Bloqueio criativo: uma reflexão sobre (a falta de) criatividade na produção de conteúdo

Estou cantando uma música. Ela diz o seguinte: tanta volta pra nenhuma resposta. Tanta volta pra nenhuma resposta. Tanta volta pra nenhuma resposta (e continua repetindo essa frase mais algumas vezes).

Sabe quando você se identifica com uma música? Quando parece que ela foi feita pra você? É isso que está acontecendo comigo enquanto escrevo esse texto.

(A música, inclusive, é da Luedji Luna e se chama Banho de Folhas. Recomendo!)

Passei por um bloqueio criativo terrível nos últimos dias. Nem sei quantas vezes comecei um texto e apaguei as palavras letra por letra, bufando alto. Isso já aconteceu com você? Se eu tivesse que apostar, diria que sim.

Toda pessoa que depende da criatividade para trabalhar passa por isso, mais cedo ou mais tarde. Afinal, ser criativo nem sempre é fácil. Não é à toa que existem tantos artigos por aqui que nos dão dicas para exercitar a criatividade e ter melhores ideias. E, acredite, eu tentei.

Estive com a cabeça cheia de ideias. Anotei todas elas. Li – livros, artigos, notícias. Vasculhei a planilha no Excel em que guardo minhas ideias, mas mesmo assim não encontrei inspiração. Parecia que a criatividade estava fugindo de mim. Tanta volta pra nenhuma resposta. 

Notei, então, que estava me forçando a produzir conteúdo mesmo quando claramente não estava bem. Estava improdutiva – e ai, que medo me dá essa palavra. Não posso me dar ao luxo de não produzir conteúdo! Como é que vou provar meu valor? Como vou manter a cadência que prometi a mim mesma? 

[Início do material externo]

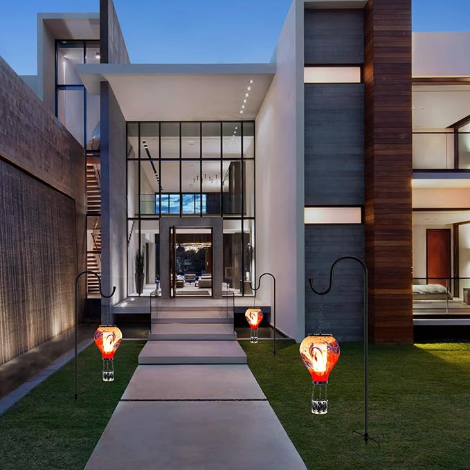 - 【Wide Application】Solar hot air balloon lantern with flame is a great home decor. You can hang the solar light on porches, trees, pergolas, balconies, or ledge. Add elegance and color to your outdoor space with this beautifully crafted solar powered hot air balloon lantern.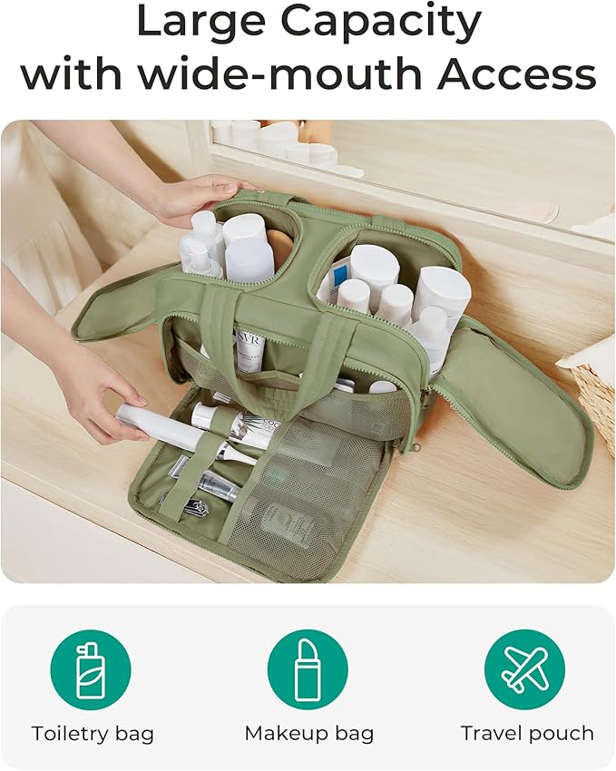 • Easy Access and Keep Upright: Full opening and not piling up for easy access to items. Double side full open design of travel bag for toiletries keeps cosmetic bottles and toiletries can stand upright in the middle compartment. Avoid leakage during transit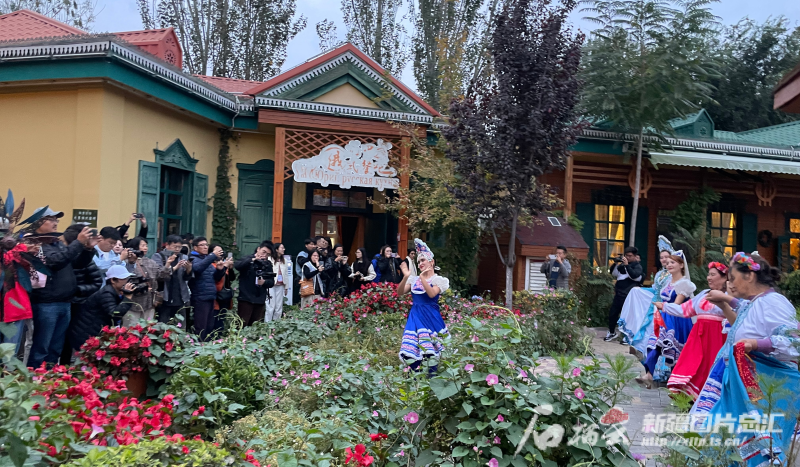 六星街位于伊寧市西北側(cè),3條道路在中心點(diǎn)交錯并輻射出6條主干道,形成了一個獨(dú)具特色的六邊形街區(qū),被稱為“六星街”。外媒代表走進(jìn)俄羅斯風(fēng)情園,一群身著傳統(tǒng)服飾的人正歡快地跳著舞,每一個動作都傳遞出快樂因子,感染大家一同舞起來。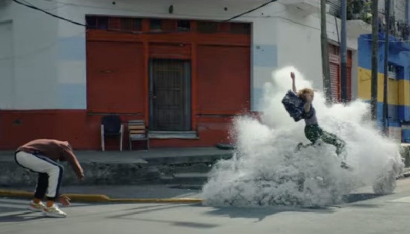 As the pair romp through the city, they turn various objects into snow (including a bus) and at the end of the ad spot, they both vanish into a cloud of snow.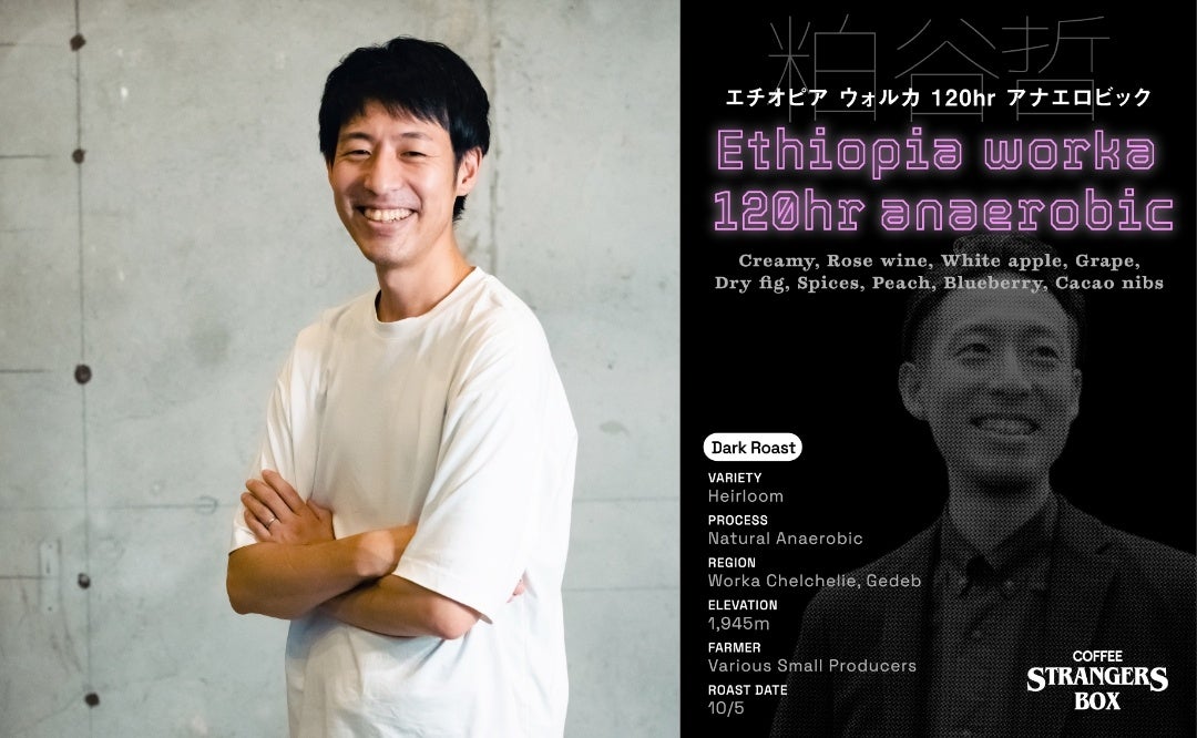 「高品質なエチオピアのアナエロビック(生豆の発酵方法のひとつ『嫌気性発酵』を取り入れた個性の強いコーヒー)を深煎りした、特別なコーヒーです。深煎りらしい芳醇でビターな香りのなかに、トロピカルフルーツやストーンフルーツを彷彿とさせる甘みが交錯する、複雑でユニークな味わいに仕上がっています(粕谷)」
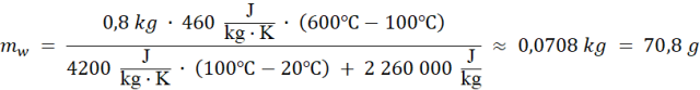 W tym zadaniu oblicz masę wody, która wyparowała po wrzuceniu żelaznej podkowy o masie m = 0,8 kg i temperaturze T2 = 600oC, jeśli woda miała początkowo temperaturę T1 = 20oC, a ciepło właściwe żelaza to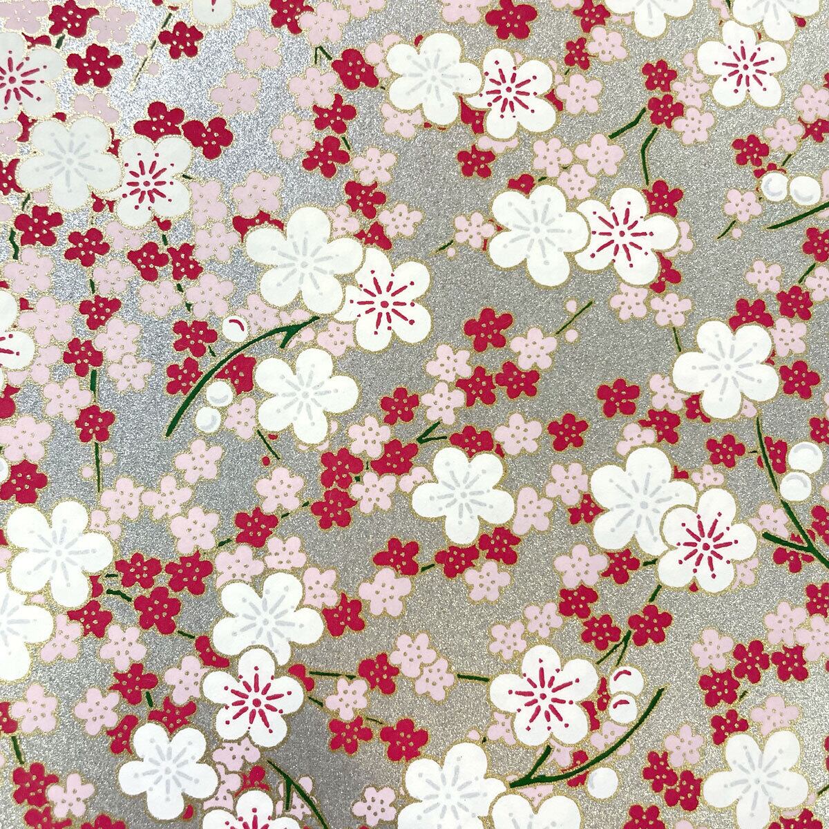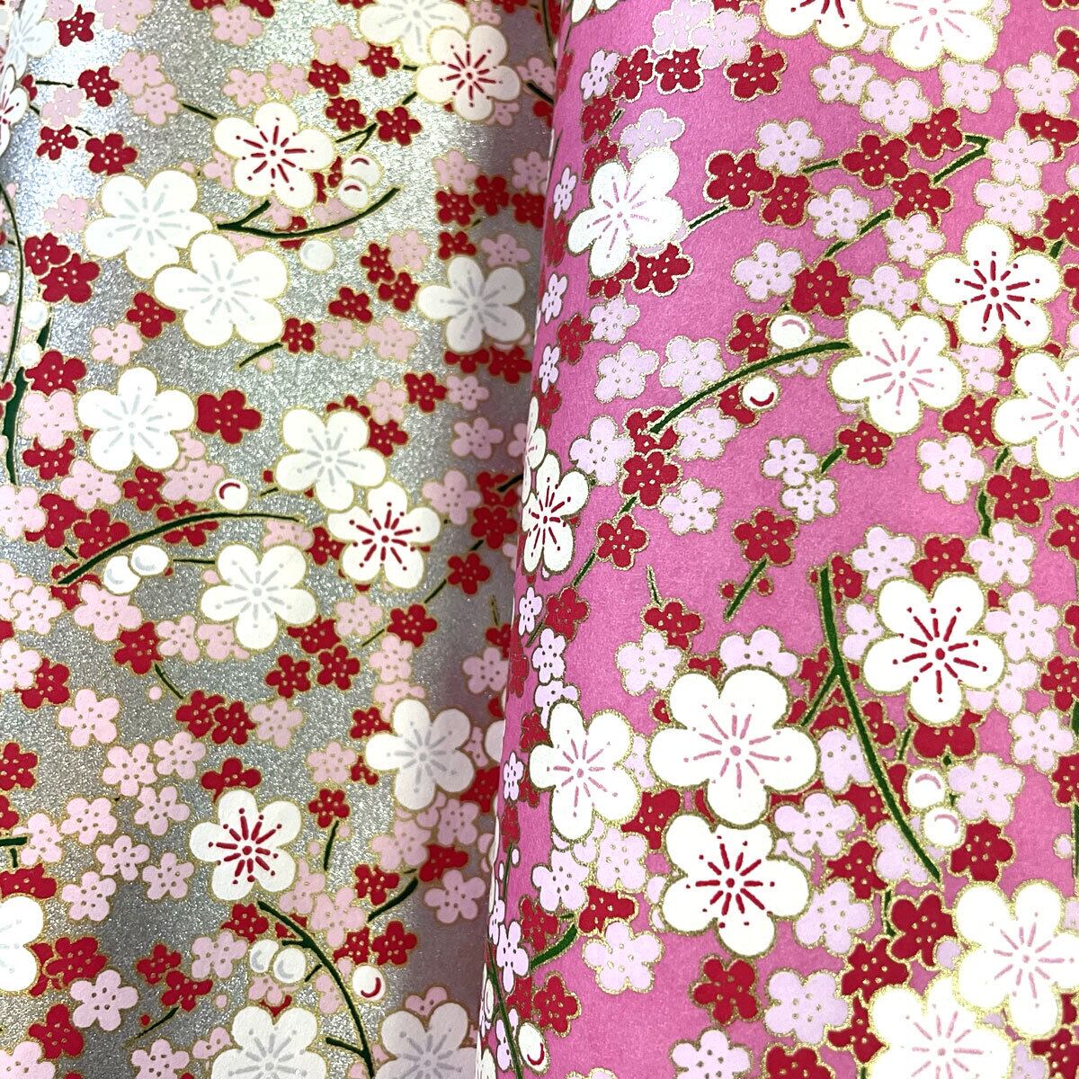 華やかな友禅和紙 紅梅 白梅 桃色 ピンク シルバー 大判 菊判 約63x93cm 千代紙 Yuzen Dyeing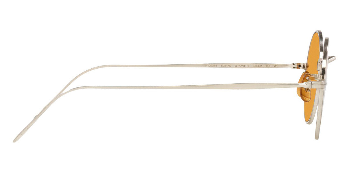 G. Ponti-3 by Oliver Peoples. Color: Soft Gold/Grey Goldtone, Bronze-copper/Burgundy, Soft Gold/Cobalto, Silver / Yellow Wash, Size: 48-22-145. Oliver Peoples glasses are unique, retro-inspired silhouettes with the ingenious spirit of Los Angeles. Each frame is a real work-of-art that demonstrates thoughtfulness in design and perfection in craft. Recognized by their meticulous attention to detail, Oliver Peoples creates stunning optical frames and sunglasses with intricate filigree accents and exquisite decorations. To create durable lenses with enhanced visual clarity, Oliver Peoples collaborates with Barberini®, the renowned lens producer. The result is a perfect combination of high-performance optical technology with timeless, yet advanced design.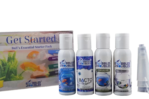 Bubbles N Troubles Essentials Starter Kit consist of 4 products as below: 1) Aqua Safe 40ml 2) BactoSplah 40ml 3) Nature Care 40ml 4) Sea Tonic 40ml Plus there is a 10ml Measuring flask in the box to help our beginner and young hobbyist to measure exact volume for dosage in their tanks. KEEP OUT OF REACH OF CHILDRENS For AQUARIUM USE ONLY MADE IN INDIA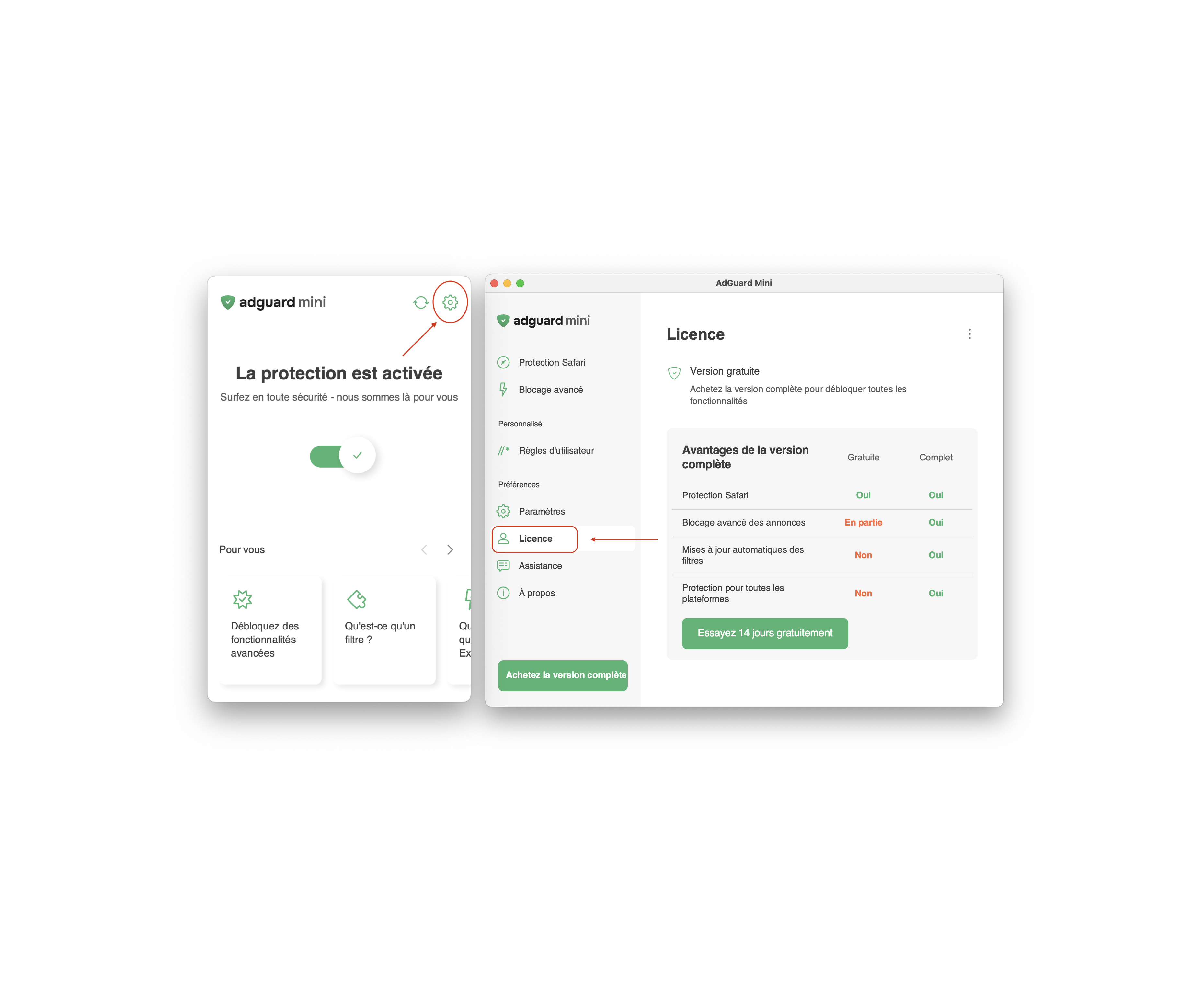 Ouvrez AdGuard Mini → Paramètres → Licence.

Assim que comecei a me fazer essas perguntas, me lembrei do que a Andreza Costa comentou em um dos meus artigos, que postei aqui no LinkedIn. Como ela já me deu licença, copiei o comentário dela e colei aqui:

“Há um equilíbrio que precisamos encontrar (como escritoras com presença nas redes) entre o valor do conteúdo, que gera conexões, e essa certa dependência que acontece entre nós e os algoritmos, que é a de “ter que” produzir constantemente. Isso sutilmente vai criando um conflito entre a humanização dos conteúdos e robotização de quem os cria.”

Complicado, né?

Quando nos propomos a trabalhar com produção de conteúdo, queremos despertar emoções com nossas palavras. Queremos contar histórias transformadoras que cheguem ao máximo de pessoas possíveis. Então, nos viramos para alguns fatores que nos ajudam a fazer isso: SEO, frequência de posts, networking. Porém, cumprir 100% com esses fatores não é fácil.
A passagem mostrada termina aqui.